TASK INSTRUCTIONS: Pull every line that holds the word "wǎng" from the entries.

START INFORMATION SUPPLIED

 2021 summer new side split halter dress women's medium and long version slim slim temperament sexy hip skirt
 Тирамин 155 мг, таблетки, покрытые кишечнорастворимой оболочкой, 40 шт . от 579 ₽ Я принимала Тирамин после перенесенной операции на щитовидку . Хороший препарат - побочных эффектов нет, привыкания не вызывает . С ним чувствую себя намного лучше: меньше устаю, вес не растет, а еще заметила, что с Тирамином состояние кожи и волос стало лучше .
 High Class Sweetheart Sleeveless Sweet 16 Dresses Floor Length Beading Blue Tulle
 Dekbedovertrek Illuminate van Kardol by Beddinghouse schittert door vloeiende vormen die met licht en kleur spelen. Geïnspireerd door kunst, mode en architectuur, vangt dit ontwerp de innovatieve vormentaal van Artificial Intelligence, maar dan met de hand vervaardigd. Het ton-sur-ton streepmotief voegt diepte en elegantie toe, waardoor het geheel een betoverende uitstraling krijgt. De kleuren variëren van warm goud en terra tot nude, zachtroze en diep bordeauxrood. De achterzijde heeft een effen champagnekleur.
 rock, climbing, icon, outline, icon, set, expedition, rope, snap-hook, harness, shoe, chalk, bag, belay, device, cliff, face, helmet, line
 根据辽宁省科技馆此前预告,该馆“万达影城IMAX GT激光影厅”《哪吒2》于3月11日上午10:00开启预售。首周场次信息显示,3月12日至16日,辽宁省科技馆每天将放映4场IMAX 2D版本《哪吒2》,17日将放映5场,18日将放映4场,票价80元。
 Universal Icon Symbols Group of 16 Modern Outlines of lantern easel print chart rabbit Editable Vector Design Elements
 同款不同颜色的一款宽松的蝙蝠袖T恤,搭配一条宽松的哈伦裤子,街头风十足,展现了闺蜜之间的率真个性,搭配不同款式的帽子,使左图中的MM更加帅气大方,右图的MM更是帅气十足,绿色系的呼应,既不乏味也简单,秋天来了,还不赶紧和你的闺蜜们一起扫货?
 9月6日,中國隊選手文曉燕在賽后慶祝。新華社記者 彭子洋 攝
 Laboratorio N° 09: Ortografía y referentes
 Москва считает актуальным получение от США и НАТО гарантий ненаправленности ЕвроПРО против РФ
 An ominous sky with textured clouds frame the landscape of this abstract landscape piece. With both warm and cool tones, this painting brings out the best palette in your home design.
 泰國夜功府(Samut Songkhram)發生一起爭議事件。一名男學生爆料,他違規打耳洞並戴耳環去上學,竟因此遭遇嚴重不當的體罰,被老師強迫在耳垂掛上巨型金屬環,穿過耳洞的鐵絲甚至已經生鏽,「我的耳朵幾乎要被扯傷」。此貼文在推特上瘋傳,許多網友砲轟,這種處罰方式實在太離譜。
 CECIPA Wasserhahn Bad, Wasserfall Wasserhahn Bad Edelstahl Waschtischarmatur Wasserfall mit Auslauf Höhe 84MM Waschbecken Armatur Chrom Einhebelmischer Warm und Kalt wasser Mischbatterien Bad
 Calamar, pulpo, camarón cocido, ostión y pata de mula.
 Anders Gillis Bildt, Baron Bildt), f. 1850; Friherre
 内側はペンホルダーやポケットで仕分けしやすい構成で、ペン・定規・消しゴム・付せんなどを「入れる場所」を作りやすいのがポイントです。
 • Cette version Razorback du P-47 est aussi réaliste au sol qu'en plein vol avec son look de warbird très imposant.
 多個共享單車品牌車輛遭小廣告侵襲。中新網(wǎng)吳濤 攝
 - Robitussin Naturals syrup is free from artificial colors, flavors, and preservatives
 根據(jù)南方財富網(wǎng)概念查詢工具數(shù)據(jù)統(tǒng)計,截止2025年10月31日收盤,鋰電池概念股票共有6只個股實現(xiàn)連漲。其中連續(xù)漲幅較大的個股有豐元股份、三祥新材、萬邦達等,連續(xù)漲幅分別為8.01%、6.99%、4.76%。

END INFORMATION SUPPLIED

SOLUTION TO THE PROBLEM:
 多個共享單車品牌車輛遭小廣告侵襲。中新網(wǎng)吳濤 攝
 根據(jù)南方財富網(wǎng)概念查詢工具數(shù)據(jù)統(tǒng)計,截止2025年10月31日收盤,鋰電池概念股票共有6只個股實現(xiàn)連漲。其中連續(xù)漲幅較大的個股有豐元股份、三祥新材、萬邦達等,連續(xù)漲幅分別為8.01%、6.99%、4.76%。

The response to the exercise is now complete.